View of the villa from Lake Zug     Photo: Mathias Blattmann, (11. 7. 2025)

Complex Price Determination

The company FSP Fine Swiss Properties (LLC) from Herrliberg was entrusted with the sale. “We specialize in properties like this,” explains real estate broker Robert Ferfecki in response to an inquiry from our newspaper. “What essentially sets us apart from our competitors is that we do not pursue a revenue-driven growth strategy where everything has to happen quickly, but rather an uncompromising quality strategy.”

Price determination for such properties is very complex, as there are only a few truly comparable objects. “The asking price must be plausible and comprehensible.” One cannot simply demand some unrealistic price, because all serious interested parties consult specialists and experts. “With this property, we benefited from information and contacts we gathered during the sales process of the St. Karlshof.”

Equally complex, Ferfecki continues, is the fact that Villa Frauenstein is subject to numerous preservation requirements that must be observed and that limit freedom of action.

The acquisition of this exceptional property has been a topic of discussion for some time: in early September, the individual initiative “The City of Zug purchases the property and makes the park accessible to the public” was submitted. Although the GGR rejected the initiative, it instructed the City Council—via a consultative vote—to continue examining the purchase and to proceed with negotiations.

Purchase Offer Came from the “Apprentice”

The company obtained the mandate to broker the villa through a public tender. “I could imagine that we were chosen because we are not from Zug, are not connected to anyone here, and could therefore act in a completely neutral, independent, and maximally discreet manner,” the broker explains. “In the meantime, we have learned: if two people in Zug know something, it is practically already public.”
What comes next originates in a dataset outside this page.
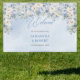 A beautiful watercolor wedding welcome sign featuring dusty blue hydrangeas, white roses, and eucalyptus greenery. This sign is perfect for welcoming guests to your wedding and will add a touch of elegance to your special day.

The estate belongs to a cooperative made up of several individuals. Since multiple purchase offers were submitted, the cooperative members had to carefully review all aspects and coordinate among themselves. “The villa was in the same hands for around a hundred years, and at one point there was even a right of first refusal in favor of the City, which later expired,” Ferfecki reports. There had always been a close connection to the City of Zug, which is why it was not entirely surprising that it was chosen as the buyer.

What was amusing, he says, was that the City of Zug’s purchase offer was sent from the email account “Lehrling Kanzlei” (apprentice, legal office). “One might have thought that such ‘small transactions’ in Zug are handled by apprentices,” Ferfecki says with a laugh. It is always surprising how complex negotiations with large bodies like the City of Zug can be. “There are numerous points of contact with very different expectations and levels of authority, and a political process is always running in the background. But that also makes the matter very exciting and demanding.”

According to Robert Ferfecki, there are not many villas in Switzerland that cost a mid double-digit million amount. “That automatically places the Zug estate among the most expensive properties we have ever dealt with.” But what matters is not how much a property costs, he says, but that it has unique, refined qualities. “An estate like Villa Frauenstein comes onto the market only once every hundred years.”